Stan Boardman says: No, he isnt.
Slow USA says: The newbie isnt a Golf in a Frock, it uses the A3 platform. More bollocks spoken by those who know cock all about anything except how to suck the cock. Anyway, The new Beetle is a proper car, unlike the original.
zzz... says: And Slow USA sucks the cock like nobody else. Define "proper car", dickrot.
Jimmy Cricket says: Nor am I.
Wayne says: Instead of hiding behind fake untracable names, why not come round to my place and tell me Beetles are shit and we'll settle this in a good, honest, straighforward fight.
watching........ says: VW Beetles are the best car ever made!
nemo says: this is a great car beetles are fast the new 1s dow are a bit crap well a lot but if you dis any beetle you are a ass ok they are great some actualy go on brans hach but i dont see any of your cappy done up fiestas or your saxos clios 206s 306s so shut up if your going to dis exelant car ok
Hahahaha says: Sorry wayne. you fucking keyboard hero. youre soft as shit. just remember that some of these people posting might know you ;) Also, just because someone doesnt agree with you, you want to fight them????? Thats fucking low. and to be honest its what you would call CHAV BEHAVIOUR!!!!
Wayne says: Nope, I wouldn't call it chav behavior. I'm 18 stone and built like the proverbial outhouse. If you want chav behaviour:
Wayne says: And by the way, if the people on here knew me, they certainly wouldn't be calling me "soft as shit" because I certainly ain't. Being a chav is offering people a fight and running away. I don't run away.

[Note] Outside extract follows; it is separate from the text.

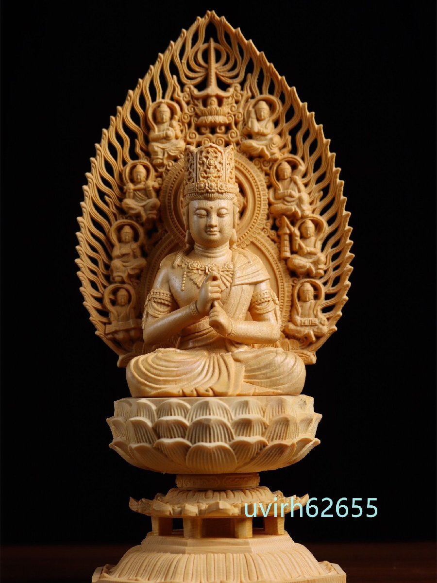 - 極上品★ 仏教美術 精密彫刻 仏像 手彫り 木彫仏像 大日如来座像 高さ約28cm

Name: br> hr> says: Looks cool.
Mr Mann says: Why are Saxo drivers insulting a Bug? VW Beetles are the most customised vehicle the world over and any modification ever done to a Saxo, you can guarantee it was first done to a Bug many years ago, and proberbly done a lot nicer too! Tinted windows? Late 70's on a Bug. Lowered suspension? Mid 70's. Bodykits? Early 80's. It's not just customisers of cars that take their cues from modified Bugs... a few years back Bug owners started locating the indicators in the headlights to give it a smoother look - now find me 10 new cars that DON'T have their indicators located in the headlights!
rs2000 owner says: Just to be pedantic:-
Wayne says: Hmm.... RS2000 owner bored by any chance? ;)

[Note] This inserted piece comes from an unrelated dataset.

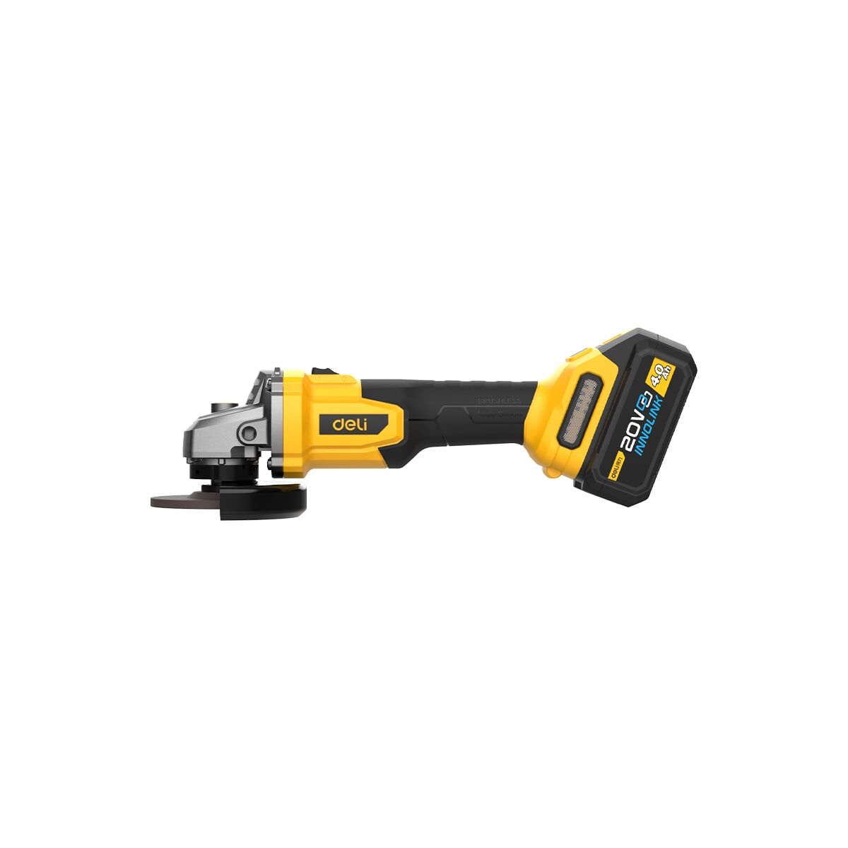 Угловая шлифмашина аккумуляторная Deli DC601 с АКБ и ЗУ, 20В, 115мм, М14, 3500/6000/8500об/мин, сумка

Wayne says: Nearly forgot: 11) VW Camper - they still make the late 60's/70's style VW Camper/Kombi in Brazil and they're still available from new in the UK.
RS2000 owner says: Wayne you know what its like working here. PISS BOARD
Wayne says: You piss board? That must hurt! Proberbly not as bad as pissing broken glass though.

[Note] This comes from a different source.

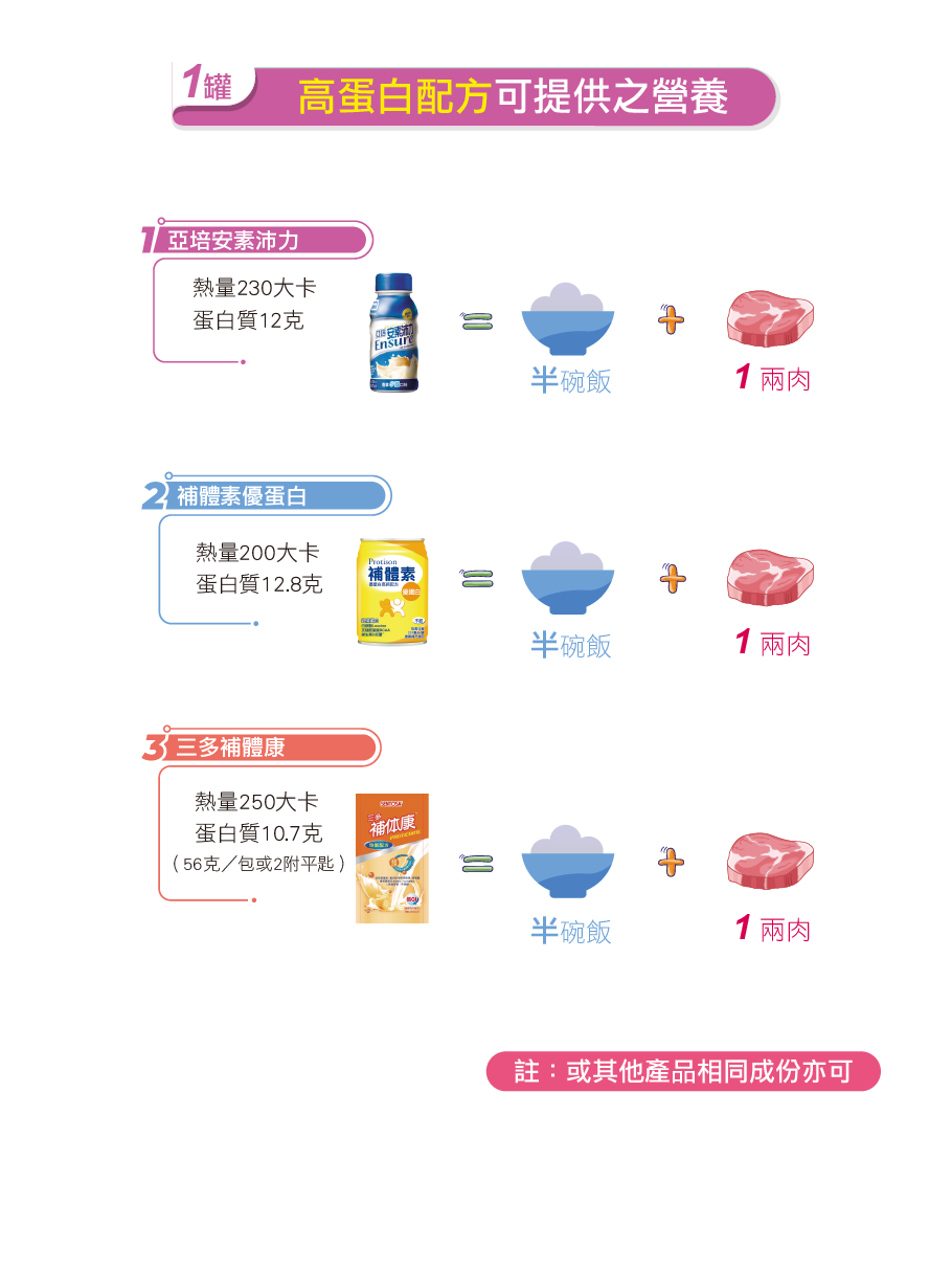 - 可選擇補充之營養品,建議可 擇一 補充腫瘤配方或高蛋白配方。

The Codfather says: I'm piss board too, do yee faggots actually like the boebee?
Wayne says: Ya ballbag!
rs200 owner says: Chris your weird!!!
Wayne says: By "like the boebee" were you asking if we like 80's saturday night toss program person Bobby Davro?
nazi beetle says: another faggot motor. Built by faggots for faggots. The only thing good about this car is that i know the man who owns it and it was burnt out on his drive, FUCKING WELL DONE i say.
vw owner says: erm... WTF? i own a '01 old beetle with fuel injection as my daily driver. it has air con, ceneral locking, elecric windows,and a cd player. standard. and the 2.0 engine way putting out 70 BHP at the WHEELS. standard, before i replaced it with a 700 BHP 911 engine.
thomps125 says: tax exzempt meens no muney neede dwud suit u chav cunts gr8 in ure saxos n novas plus porshe engines and weelsa fit str8 in n on ure jelous
thomps 125 @@@@@@@ says: : saxo king
furr says: is that the one of the modded one that can out accelerate a ferrari, because i know there are quite a few of those around
Hatefull air compressor says: these cars sound like a bodyshop air compressor. Actually my bodyshop air compressor has more power. Sack of shit.